Q If for any reason, before applying the command voltage Uu, the voltage on the capacitor 8 of the switching node will be absent, on the second output of the control sensor 27

5, the switching voltage will be set to the inhibit signal corresponding to the logic zero level, which will be sent to the second input of the NAND 24 logic element. In this case, regardless of the Uu value, the control pulses of the main thyristors and auxiliary thyristors of the second main thyristor will be absent. Such a rigid cyclogram for monitoring thyristor control pulses, as well as monitoring the voltage level at the switching capacitor, eliminates the possibility of switching failure during the initial period of converter operation, significantly increases the noise immunity of the device and reduces the need for tuning accuracy of the pulse-width modulator. When changing team pressure from

5 zero to maximum value

(0 "i) the time shift between the control pulses of the main and auxiliary thyristors changes, and the converter operates in pulsed mode.

At the maximum command signal, only two sequences of control pulses are generated by a pulse width modulator.

5 thyristors, and the drive goes to work on a natural characteristic. Sensor 27 monitors the voltage on the switching capacitor. When the voltage on the switching capacitor 8 drops to the boundary level during the discharge, the sensor triggers the sensor at the second input of the second element IS-NOT 24 and a signal corresponding to the level of logic O is generated. Thus, the control pulses of the MAIN TIRISTORS AND SECOND

a group of auxiliary thyristors 10 and 12. At the same time, the signal from the first output of the sensor 27 by means of an actuator and a task failure 17 reduces the command voltage. In this case, control pulses will be generated only by the first group of auxiliary thyristors (similar to the operation of the device with), ensuring the discharging of the capacitor 8 of the switching node. When the capacitor is charged, the sensor 27 removes the blocking signal from the NAND 24 element and acts on the task device 17. The drive thus goes to work on the natural characteristics. Maintaining the capacitor of the switching node in a charged state ensures reliable operation of the drive when switching from a natural to an artificial characteristic.

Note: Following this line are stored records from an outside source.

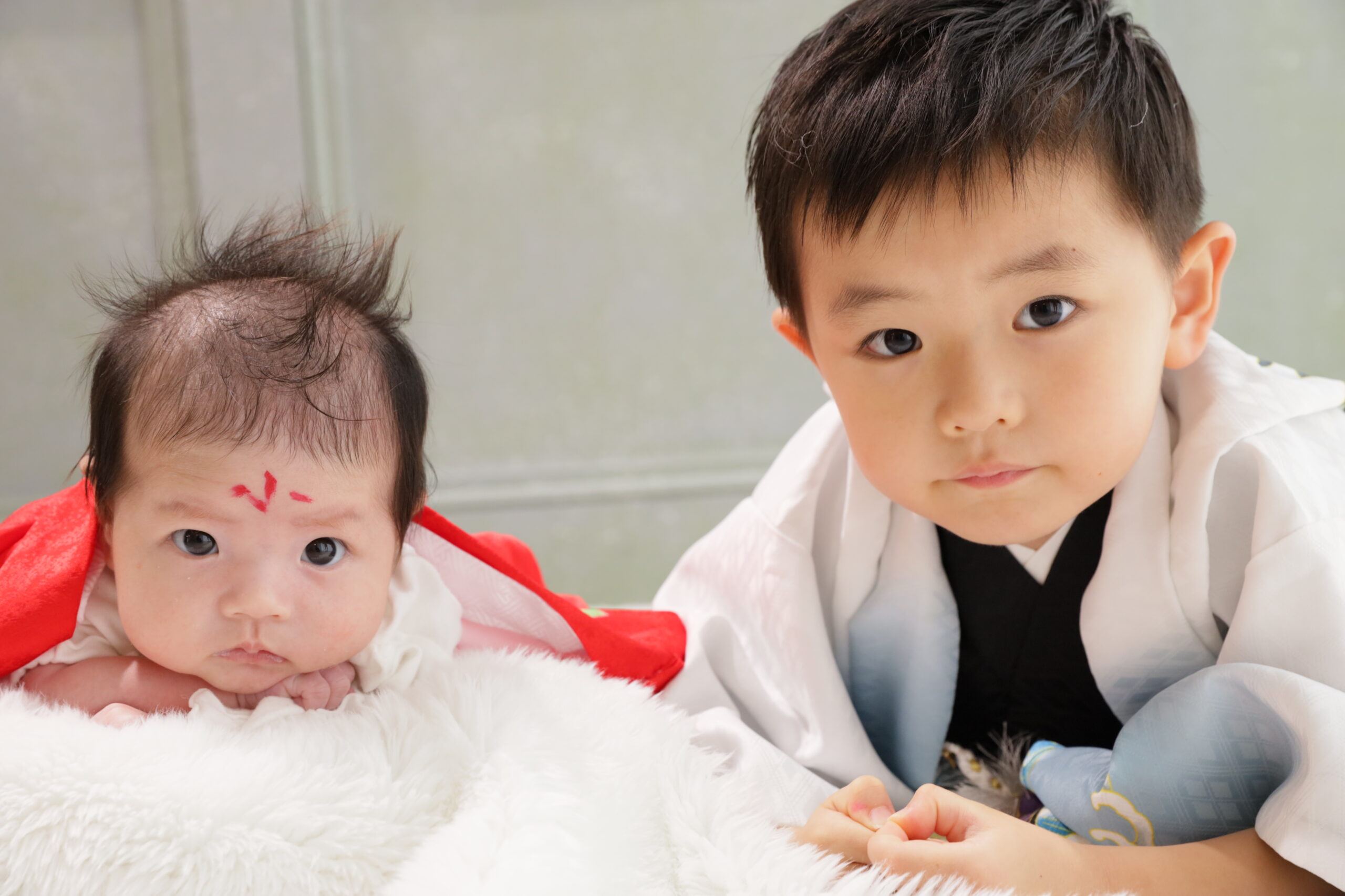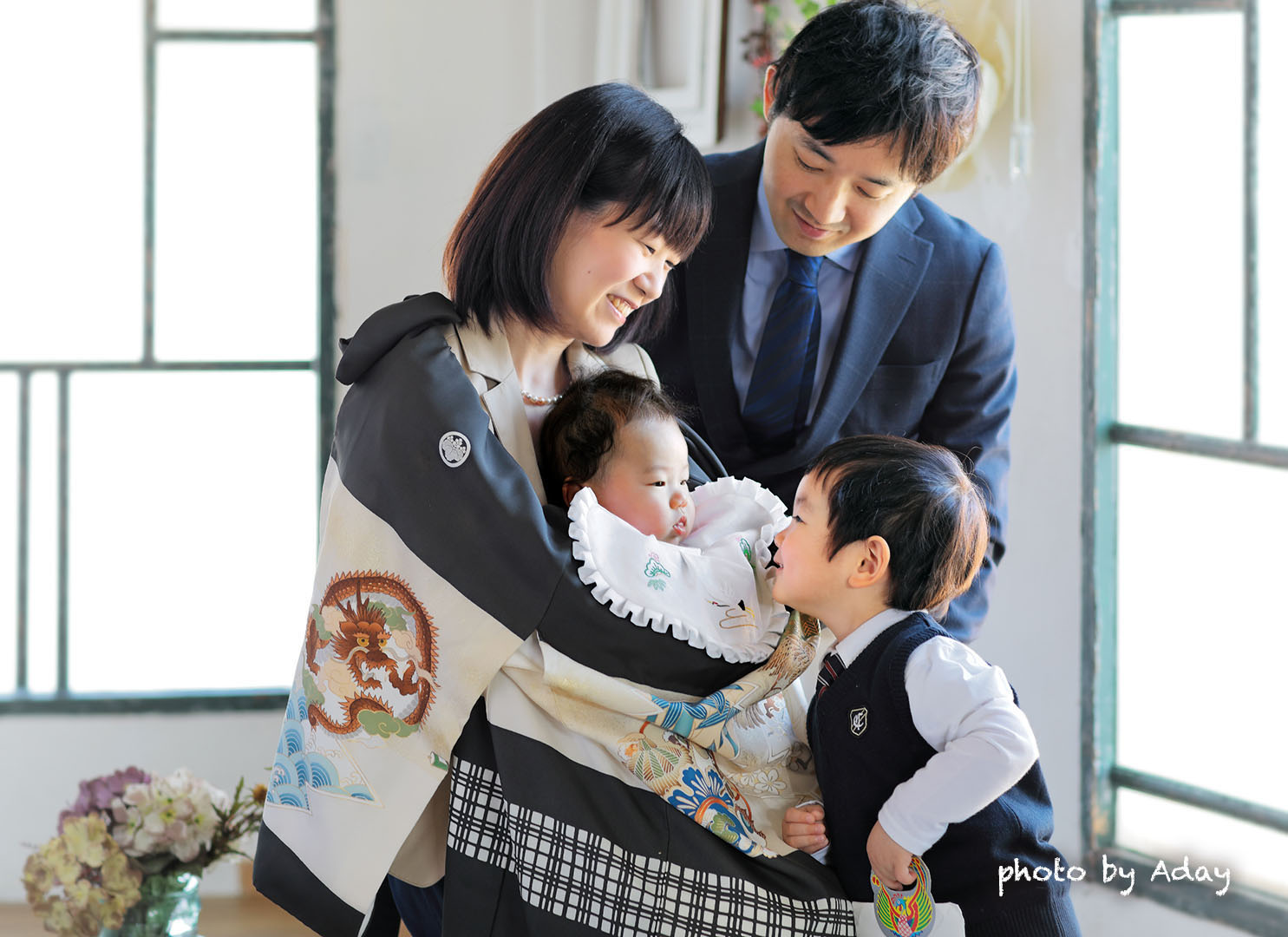 優しいお兄ちゃんと一緒に🍀初宮参りおめでとうございます!初宮参り・七五三なら「水天宮前写真館」お宮から徒歩1分のフォトスタジオ。
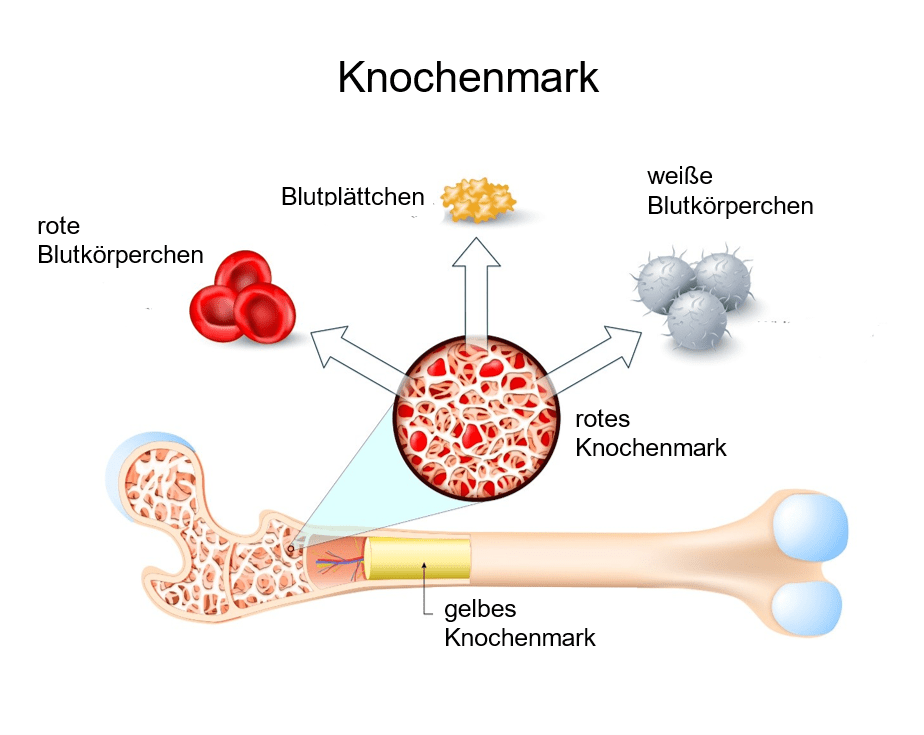 Ohne rotes Knochenmark könnte unser Körper die roten Blutkörperchen, die wir für den Sauerstofftransport benötigen, die weißen Blutkörperchen, die wir zur Bekämpfung von Infektionen brauchen, und die Blutplättchen, die wir zum Stoppen von Blutungen benötigen, nicht produzieren.
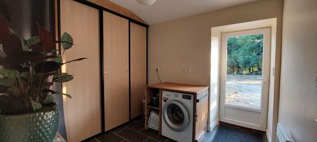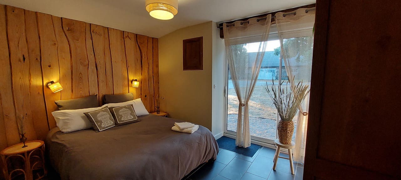 Située au rez-de-chaussée, la chambre des Blés offre un espace chaleureux, alliant authenticité et confort moderne. Habillée d’un magnifique mur en bois brut et baignée de lumière naturelle grâce à sa grande baie vitrée, cette chambre invite à la détente.

Thus, due to the implementation of the proposed method of controlling a thyristor converter by a two-motor electric drive, by introducing into the device two logical elements AND-NOT, an RS flip-flop, a single-oscillator, and a voltage monitoring sensor on a switching capacitor, a thyristor control pulse depending on c &; the magnitude of the command signal, thereby greatly increasing the operational reliability of the thyristor electric drive.

Claims (2)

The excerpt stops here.